TR: Absolutely, it is an enormously rich breeding ground. Poetry especially touches and inspires me, such as work by Alicia Gallienne, Louise Glück, Amanda Gorman, Maya Angelou, and Federico García Lorca. Poetry is music without instruments. I also often write myself; these words or sentences are always the starting point for a new work. Words are my coat rack, of the hummus in which I plant small seeds and wait for something to germinate. It also allows contextualization, being able to see through the fog. I need it to understand in retrospect what I have done, why an image came into being. An image often arises intuitively, but I clarify its definition after a process of acceptance. Conversations with people also inspire me immensely—how people empathize and apply their touch, their layer. Recently a woman expressed her wish to have a black-and-white woven narcissus, a new work of mine, placed on her coffin. It gave me goose bumps.  

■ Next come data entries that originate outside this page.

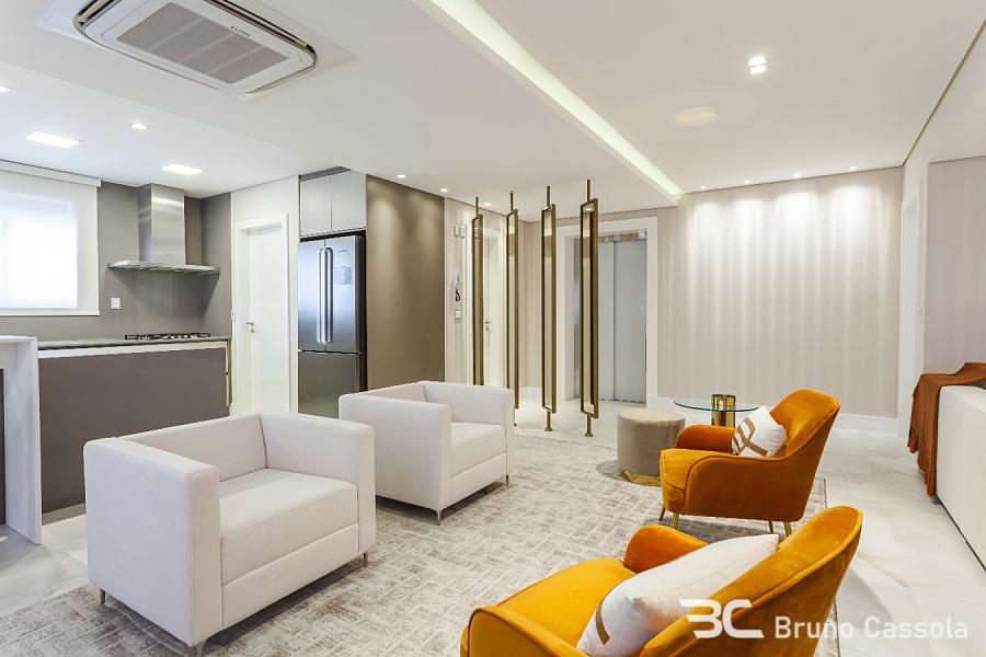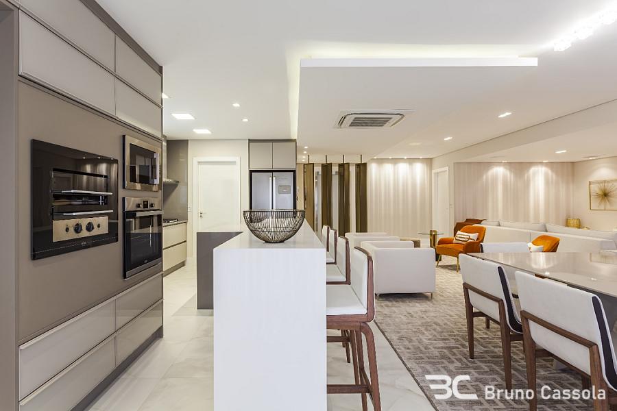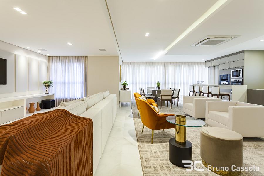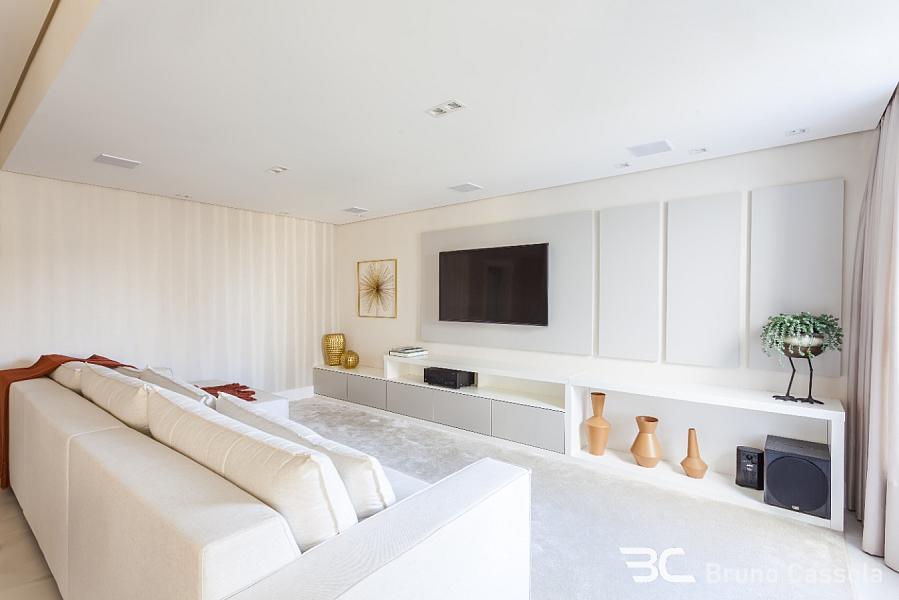Possui living integrado com hall, sala de estar e TV, sala de jantar e cozinha em conceito aberto com espaço gourmet e churrasqueira. Na área íntima, destaque para a suíte master com closet, ducha dupla e banheira de imersão. O imóvel também conta com lavabo e área de serviço.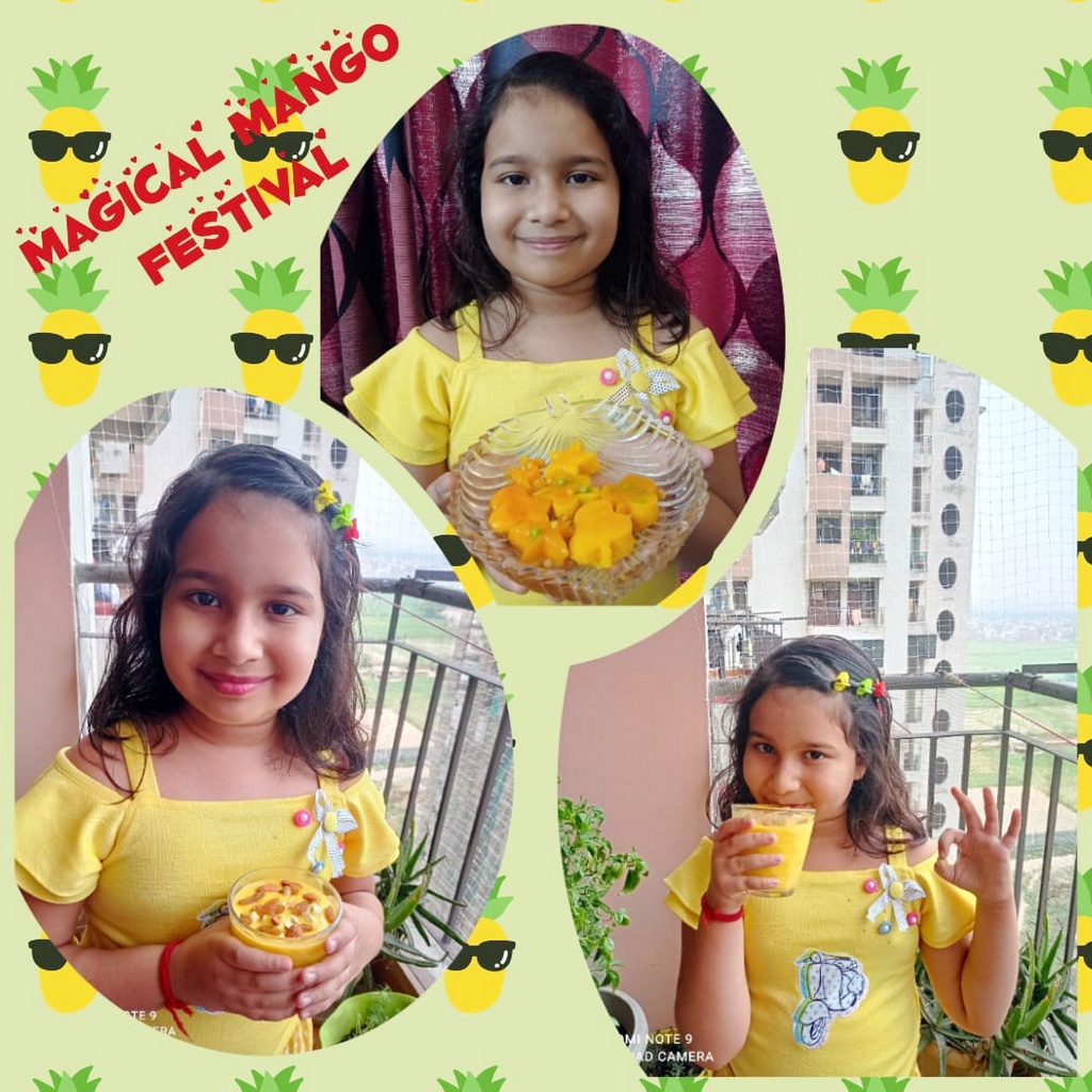 a fresh stock of Alphonso. This was followed by ‘Mango Mania,’ wherein the students relished a variety of mango delicacies. The teachers made them aware of the values/benefits of this natural fruit. Students enhanced their vocabulary related to mango.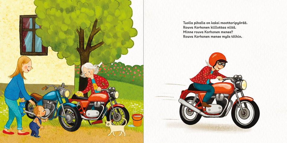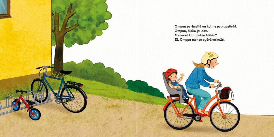Pyöräretkellä Omppu näkee vaikka minkälaisia kulkupelejä. Naapurin sedän auto ja rouva Korhosen moottoripyörät, kaivinkone työmaalla, bussi ja juna matkustajineen. Kaikki ovat menossa jonnekin, mutta minne?

ER: Can you tell us something about the exhibition you made for KIOSK? 

TR: It consists of four parts, two that will be inside and two outside. The indoor parts consist of a seven-meter textile work which can be viewed through a circular route. That is Sacred Memories, a timelapse view of the peak of the daffodil bloom, the silent period and the run-up to the return of glory. The chiffon on which the images are printed has been worked with folds, creating new images through layers. Souvenirs d'un jardinier, the second work, is a series of notes ordinary fragments with polaroids and dried daffodils. I started it in November and will continue working on it until the opening of the show. It is an intimate glimpse into the process of gardening and the gardener as the alter ego I assume here. Outside you will find a garden with daffodils, The Daffodil Garden: KIOSK Edition, which consists of 120 bulbs and six varieties, including the Narcissus Poeticus, the poet's daffodil. Woven between these are ten flags having a conversation about regret, supported by an impressive construction by artist Bert De Geyter. I think the thread running through this exhibition is the walk you take both cognitively and physically through your memories, an obsessive holding on to the special period of growth to bloom. The exhibition is a metaphor for the complexity of what it is to be human and how you can take a moment in anonymity, make a small perfect and happy moment for yourself, through the gift of a garden.